### Data for review

※

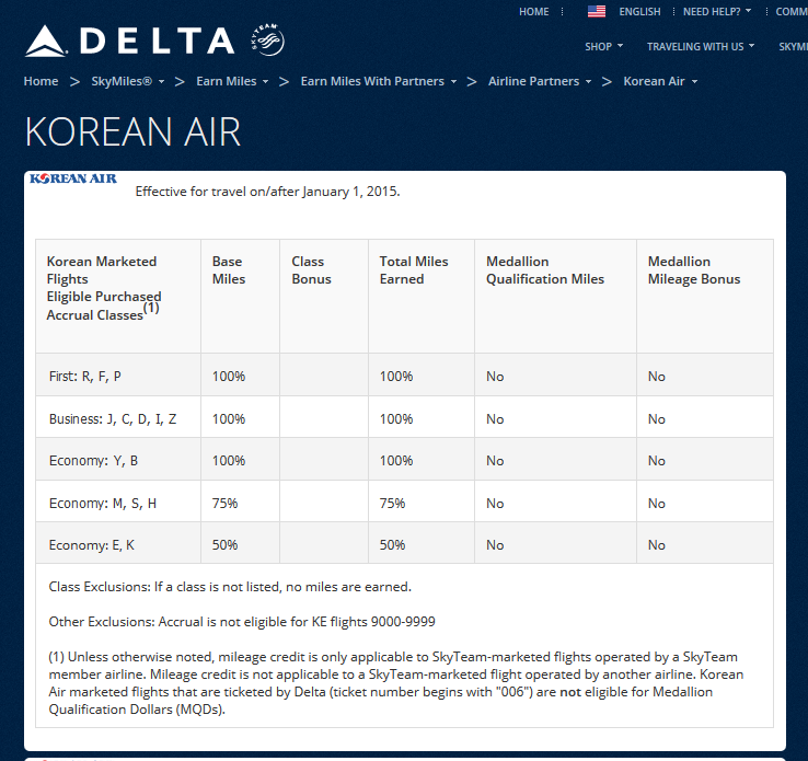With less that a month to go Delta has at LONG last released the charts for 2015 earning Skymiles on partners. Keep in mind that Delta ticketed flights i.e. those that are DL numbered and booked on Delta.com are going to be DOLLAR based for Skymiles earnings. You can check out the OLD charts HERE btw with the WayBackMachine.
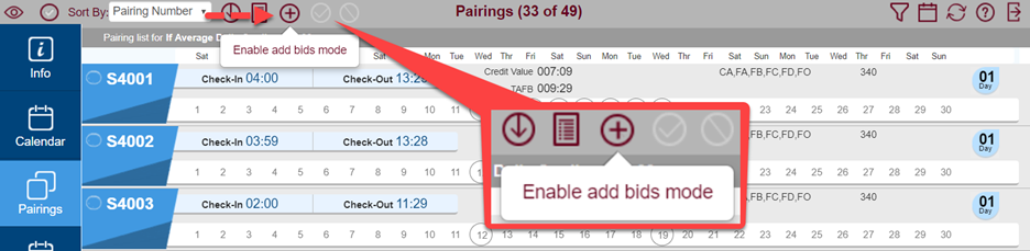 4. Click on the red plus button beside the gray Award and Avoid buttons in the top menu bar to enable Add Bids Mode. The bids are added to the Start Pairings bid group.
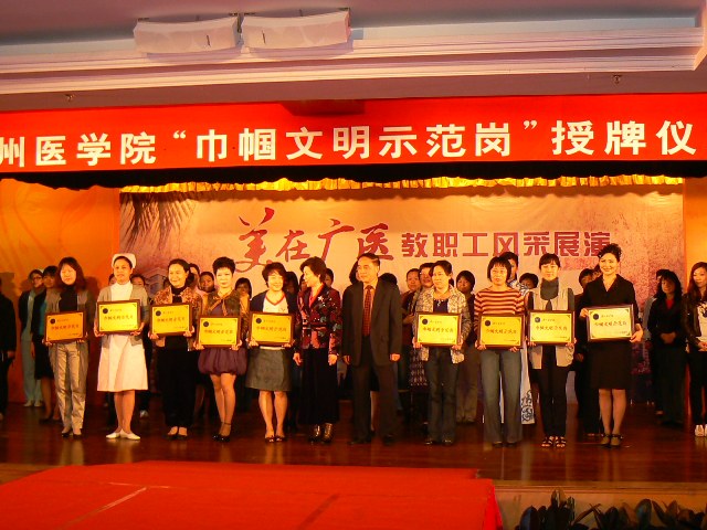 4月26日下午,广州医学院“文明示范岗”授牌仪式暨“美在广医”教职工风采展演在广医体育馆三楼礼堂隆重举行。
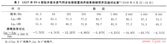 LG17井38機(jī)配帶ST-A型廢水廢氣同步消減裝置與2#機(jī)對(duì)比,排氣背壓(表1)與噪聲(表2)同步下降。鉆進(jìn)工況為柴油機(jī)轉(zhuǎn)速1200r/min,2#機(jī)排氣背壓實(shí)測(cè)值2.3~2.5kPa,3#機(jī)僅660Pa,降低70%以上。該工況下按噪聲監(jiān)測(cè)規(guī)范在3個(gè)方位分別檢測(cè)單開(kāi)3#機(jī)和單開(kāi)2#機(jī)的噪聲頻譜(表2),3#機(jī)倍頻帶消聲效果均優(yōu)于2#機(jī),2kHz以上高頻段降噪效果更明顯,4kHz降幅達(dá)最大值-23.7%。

※

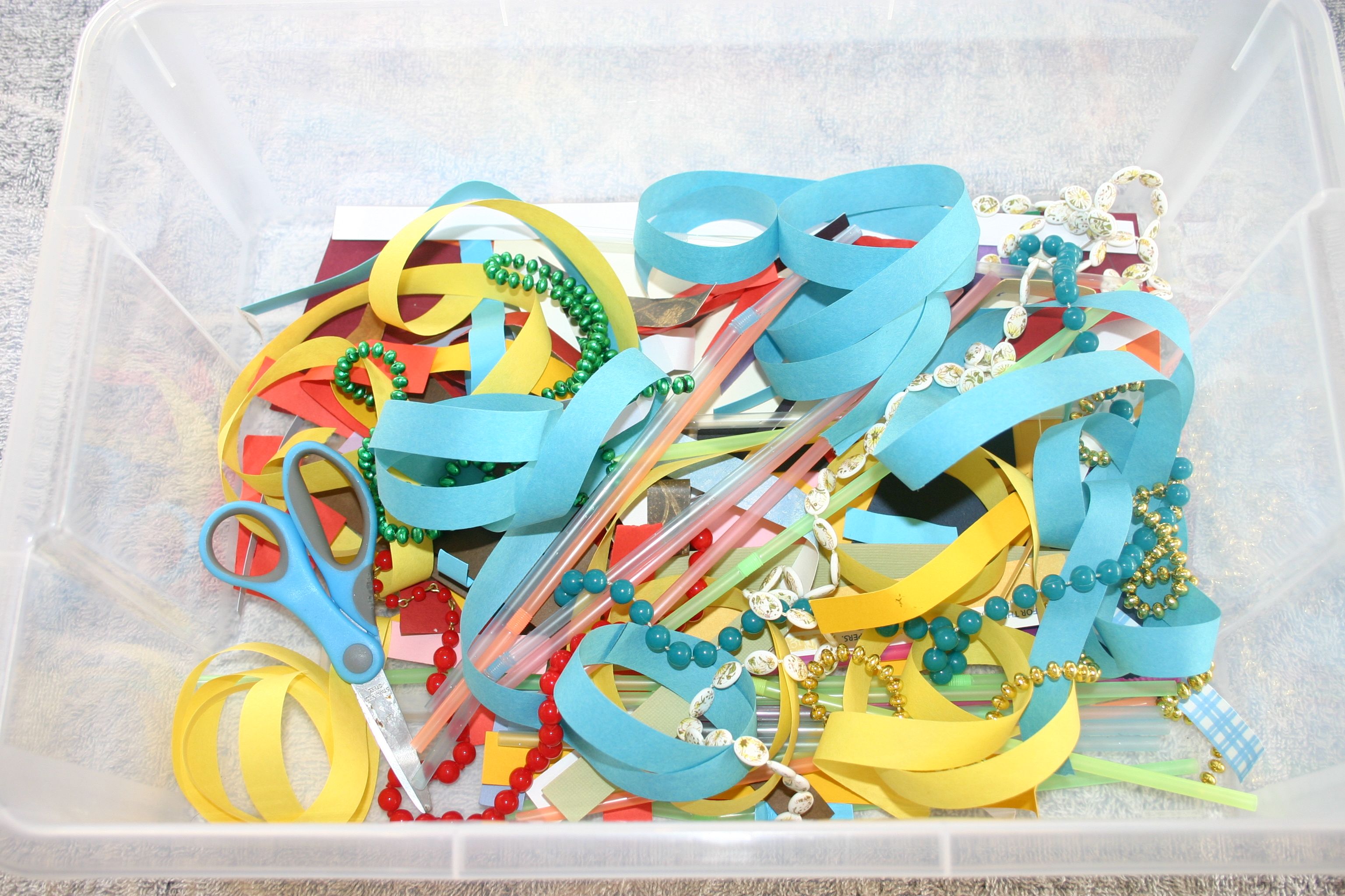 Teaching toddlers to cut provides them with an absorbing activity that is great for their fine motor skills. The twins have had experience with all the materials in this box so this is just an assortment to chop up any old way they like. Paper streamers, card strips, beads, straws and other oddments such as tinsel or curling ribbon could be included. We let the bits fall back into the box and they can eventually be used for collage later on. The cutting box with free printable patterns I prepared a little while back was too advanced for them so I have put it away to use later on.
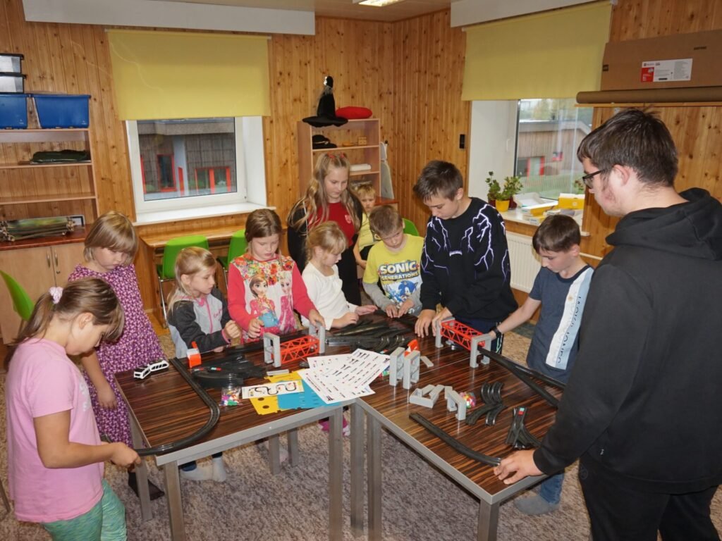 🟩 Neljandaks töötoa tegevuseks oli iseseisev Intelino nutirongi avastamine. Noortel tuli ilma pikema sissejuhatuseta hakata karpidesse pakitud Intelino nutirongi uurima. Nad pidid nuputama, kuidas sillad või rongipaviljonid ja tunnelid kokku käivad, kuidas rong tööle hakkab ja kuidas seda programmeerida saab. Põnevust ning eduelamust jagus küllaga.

※

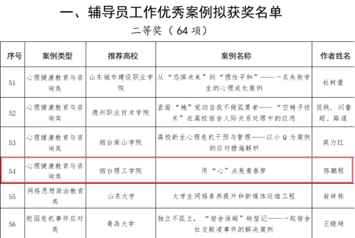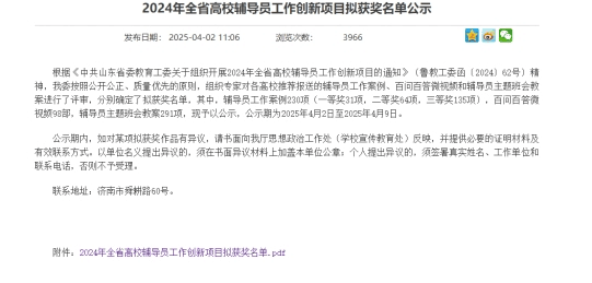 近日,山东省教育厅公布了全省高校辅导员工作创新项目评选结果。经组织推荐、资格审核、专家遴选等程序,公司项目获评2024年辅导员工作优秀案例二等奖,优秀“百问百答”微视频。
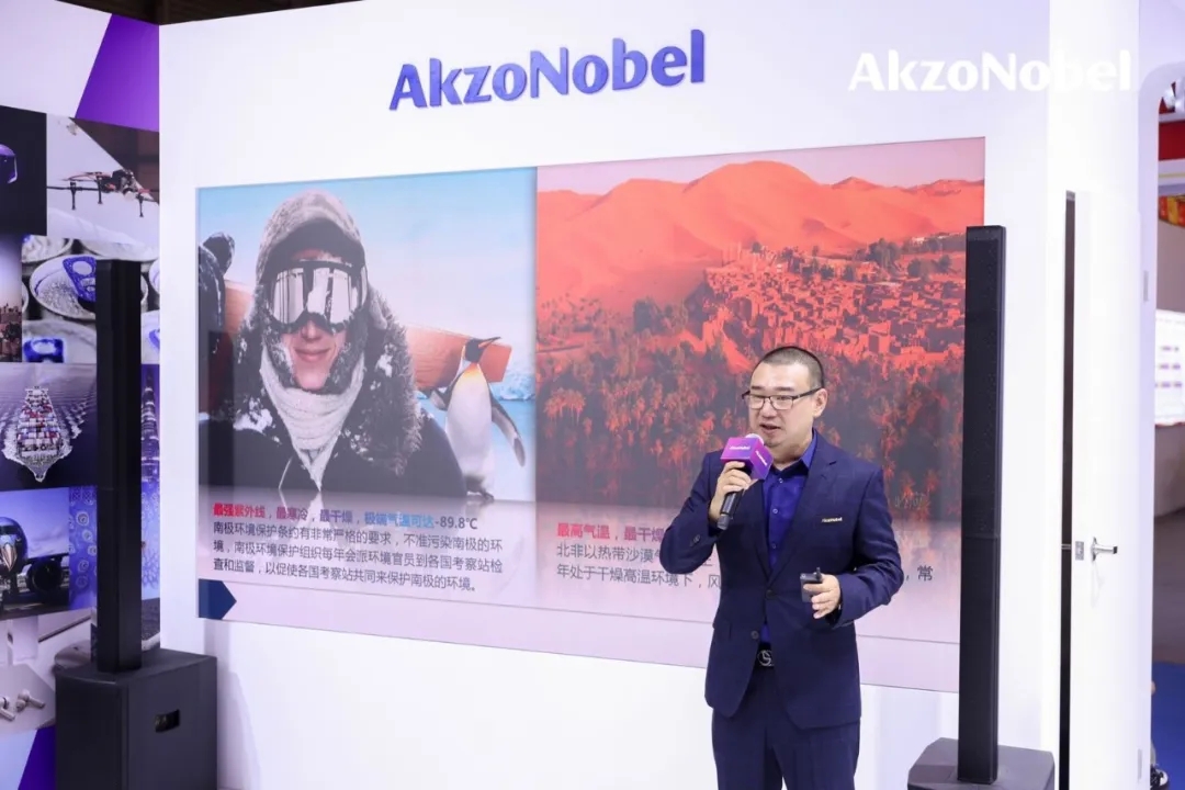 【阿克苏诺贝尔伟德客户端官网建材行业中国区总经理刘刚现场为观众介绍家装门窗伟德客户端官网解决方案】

※

### Instructions to follow
What is needed is an exact copy of the lines above from the one with "With less that" to the one with "LG17井38機(jī)配帶", both ends kept, and nothing more; please leave the pictures out.

### Task response
With less that a month to go Delta has at LONG last released the charts for 2015 earning Skymiles on partners. Keep in mind that Delta ticketed flights i.e. those that are DL numbered and booked on Delta.com are going to be DOLLAR based for Skymiles earnings. You can check out the OLD charts HERE btw with the WayBackMachine.
 4. Click on the red plus button beside the gray Award and Avoid buttons in the top menu bar to enable Add Bids Mode. The bids are added to the Start Pairings bid group.
 4月26日下午,广州医学院“文明示范岗”授牌仪式暨“美在广医”教职工风采展演在广医体育馆三楼礼堂隆重举行。
 LG17井38機(jī)配帶ST-A型廢水廢氣同步消減裝置與2#機(jī)對(duì)比,排氣背壓(表1)與噪聲(表2)同步下降。鉆進(jìn)工況為柴油機(jī)轉(zhuǎn)速1200r/min,2#機(jī)排氣背壓實(shí)測(cè)值2.3~2.5kPa,3#機(jī)僅660Pa,降低70%以上。該工況下按噪聲監(jiān)測(cè)規(guī)范在3個(gè)方位分別檢測(cè)單開(kāi)3#機(jī)和單開(kāi)2#機(jī)的噪聲頻譜(表2),3#機(jī)倍頻帶消聲效果均優(yōu)于2#機(jī),2kHz以上高頻段降噪效果更明顯,4kHz降幅達(dá)最大值-23.7%。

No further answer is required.